MQL5-Google-Onedrive/.jules/bolt.md
google-labs-jules[bot] a615fa0bf9 Bolt: optimize repository validation script
- Replaced `Path.rglob("*")` with `os.walk()` for faster traversal.
- Implemented efficient directory skipping in `os.walk()`.
- Combined multiple secret scanning regexes into a single pattern with named groups for single-pass scanning.
- Switched to line-by-line file reading for secret scanning to reduce memory usage.
- Updated `docs/PERFORMANCE_OPTIMIZATIONS.md` and `.jules/bolt.md`.
2026-02-26 21:01:39 +00:00

3.9 KiB

Bolt's Journal

This journal is for CRITICAL, non-routine performance learnings ONLY.

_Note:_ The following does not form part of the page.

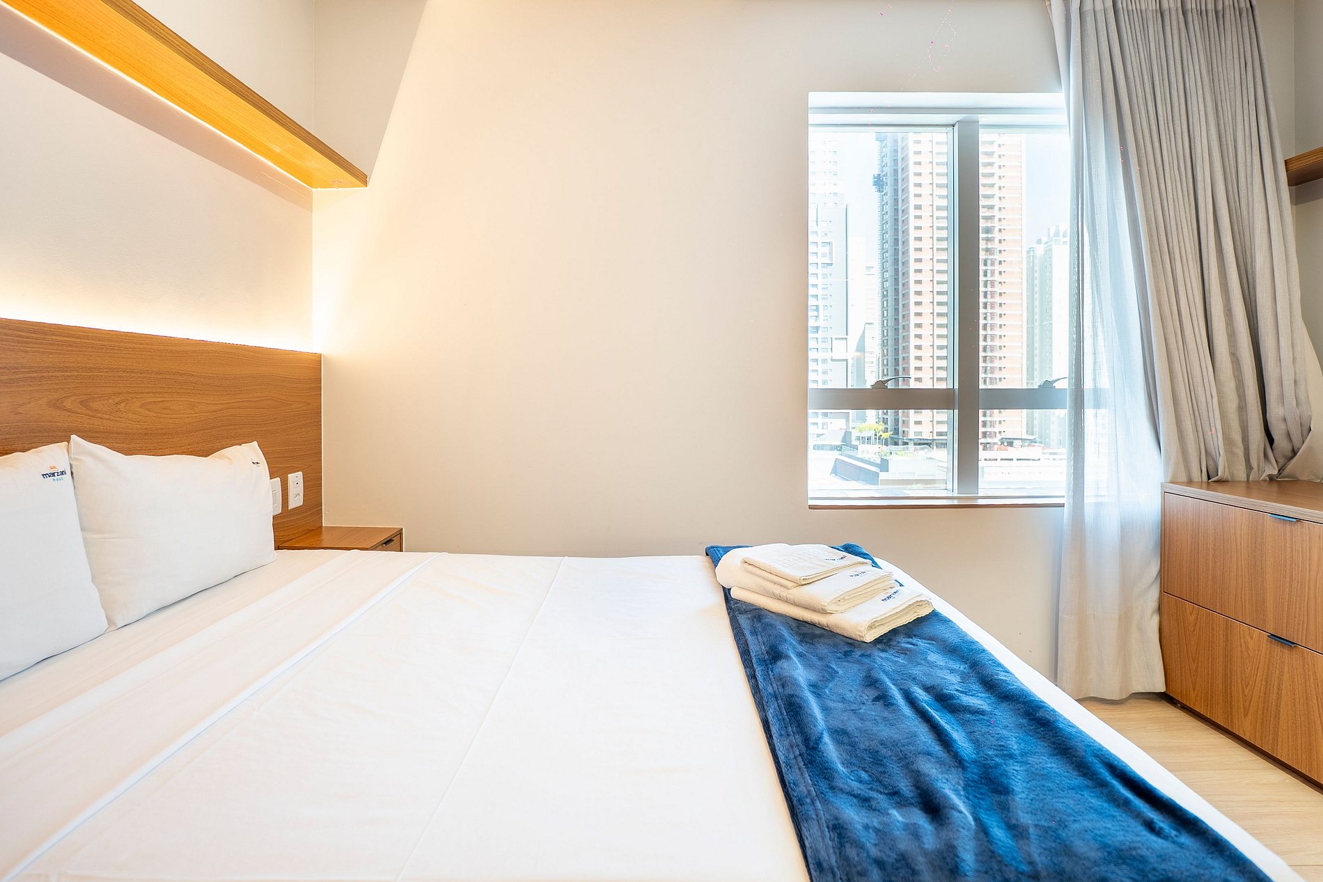 Self check in, ou seja, a autorização de acesso é feita de maneira remota. Hóspede deverá se identificar na recepção ao fazer o check in para retirar o cartão de acesso.

  • Codebase-specific bottlenecks
  • Failed optimizations (and why)
  • Surprising performance patterns
  • Rejected changes with valuable lessons

2024-07-25 - MQL5 Native Functions vs. Scripted Loops

Learning: My assumption that a manual MQL5 loop over a pre-cached array would be faster than built-in functions like iHighest() and iLowest() was incorrect. The code review pointed out that MQL5's native, built-in functions are implemented in highly optimized C++ and are significantly faster than loops executed in the MQL5 scripting layer. The original comment stating this was correct. Action: Always prefer using MQL5's built-in, native functions for calculations like finding highs/lows over manual loops, even if the data is already in a local array. The performance gain from the native implementation outweighs the overhead of the function call.

2026-01-23 - Python File System Checks

Learning: Checking for file existence (os.path.exists) before getting metadata (os.path.getmtime) introduces a redundant syscall. os.stat() provides both pieces of information in a single syscall and uses the EAFP (Easier to Ask for Forgiveness than Permission) pattern, which is more Pythonic and slightly faster, especially in high-frequency loops or handlers. Action: Use os.stat() when both existence and metadata are needed, wrapping it in a try...except OSError block.

2026-01-26 - yfinance Bulk Download

Learning: yfinance Ticker.history in a loop is significantly slower than yf.download with a list of tickers due to sequential HTTP requests. yf.download with group_by='ticker' provides a consistent MultiIndex structure even for single tickers, simplifying bulk processing. Action: Always prefer yf.download(tickers) over iterating yf.Ticker(t) when fetching data for multiple symbols.

2026-02-09 - Git Command Performance

Learning: git for-each-ref is a powerful tool for batch data retrieval, but without filtering, it processes all refs, including thousands of stale merged branches in older repositories. Calculating ahead-behind counts for these stale branches is O(N) where N is total branches, which can be significantly slower than O(M) where M is active branches. Action: Always filter git for-each-ref with --no-merged (or --merged depending on use case) when only interested in a subset of branches, especially when expensive formatting options like ahead-behind are used.

2026-02-14 - Markdown Parser Reuse

Learning: markdown.markdown() is a convenience function that re-initializes the Markdown parser class on every call. In high-frequency or repetitive rendering scenarios (like a dashboard), this adds significant overhead (~10% in this case). Reusing a markdown.Markdown instance via threading.local() (for thread safety in WSGI apps) eliminates this initialization cost. Action: When using markdown library in a web server or loop, instantiate markdown.Markdown once per thread/process and reuse it with .reset() instead of calling the top-level markdown.markdown() shortcut.

2026-02-15 - Repository-Wide File Scanning

Learning: For repository-wide file traversal in Python, os.walk() is consistently faster than Path.rglob("*") as it avoids the overhead of instantiating Path objects for every filesystem entry. Furthermore, modifying the dirs list in-place during os.walk() is the most efficient way to skip large or irrelevant directories (like .git or node_modules). For pattern matching (like secret scanning) across many lines, combining multiple regexes into a single pattern with named groups (?P<name>pattern) allows for single-pass scanning per line, further reducing CPU cycles. Action: Use os.walk() with in-place dirs modification for repo-wide traversal. Combine multiple regex patterns into a single named-group regex for efficient multi-pattern matching.